Naively trying all candidates is too slow
The left endpoint of the operation interval has at most \(M-K+1\) possible values.
For each left endpoint, if we:
- Rearrange the interval
- Check whether each group is balanced
then each candidate takes \(O(M)\) time, and the total is \(O(M^2)\).
Since \(M \leq 10^6\), this is too slow.
The results of adjacent operation intervals differ in only a few places
The key observation is that when we shift the left endpoint from \(l\) to \(l+1\), the resulting sequence changes in at most \(4\) positions.
From here on, indices are \(0\)-based, and intervals are half-open \([l,l+K)\).
Let \(z\) be the number of red hats, i.e., 0s, contained in the operation interval \([l,l+K)\).
After the operation, the interval becomes:
- \([l,l+z)\) is
0 - \([l+z,l+K)\) is
1
Define the boundary as:
\[ p = l+z \]
Next, we shift the left endpoint to \(l+1\). Let \(r=l+K\), so the new interval is \([l+1,r+1)\).
Let \(z'\) be the new count of 0s:
\[ z' = z - [S_l=0] + [S_r=0] \]
Treating 0 and 1 as numerical values, this can be written as:
\[ z' = z + S_l - S_r \]
The new boundary is:
\[ q = l+1+z' \]
Then:
\[ q-p = 1 + S_l - S_r \]
so \(q-p\) is one of \(0,1,2\).
This means the number of positions whose contents change due to the boundary shift is at most \(2\).
Furthermore:
- The left endpoint \(l\) leaves the operation interval
- The right endpoint \(r\) newly enters the operation interval
so each of these causes at most \(1\) change.
Therefore, each time we shift the left endpoint by \(1\), the number of changed positions is at most:
\[ 1+2+1=4 \]
A single-position change can be handled with a segment tree update
Suppose the value at some position changes from 0 to 1, or from 1 to 0.
The only groups affected are those whose intervals contain that position.
In the segment tree, only the ancestor nodes from that position’s leaf up to the root are affected.
The number of ancestor nodes is \(O(\log M)\).
For each node:
- If it was balanced before the update, decrease the balanced group count by \(1\)
- Update the count of
1s - If it is balanced after the update, increase the balanced group count by \(1\)

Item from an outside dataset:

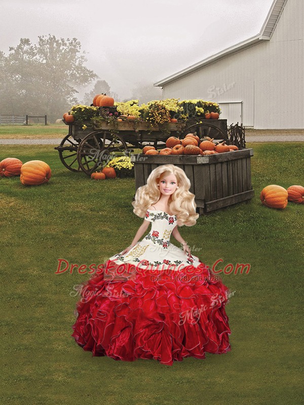 White And Red Ball Gown Prom Dress Military Ball and Sweet 16 and Quinceanera with Embroidery and Ruffles Off The Shoulder Sleeveless Lace Up

This allows us to maintain the current balanced group count through updates.
Algorithm
Let \(M=2^N\).
1. Compute the case with no operation
First, compute the balanced group count for the original string \(S\).
This serves as an answer candidate.
In the segment tree, each node stores the count of 1s in its interval.
For a node with interval length \(L\), the group is balanced if its count of 1s equals \(L/2\).
2. Construct the result of the operation with left endpoint \(0\)
Next, construct the result of rearranging the interval \([0,K)\).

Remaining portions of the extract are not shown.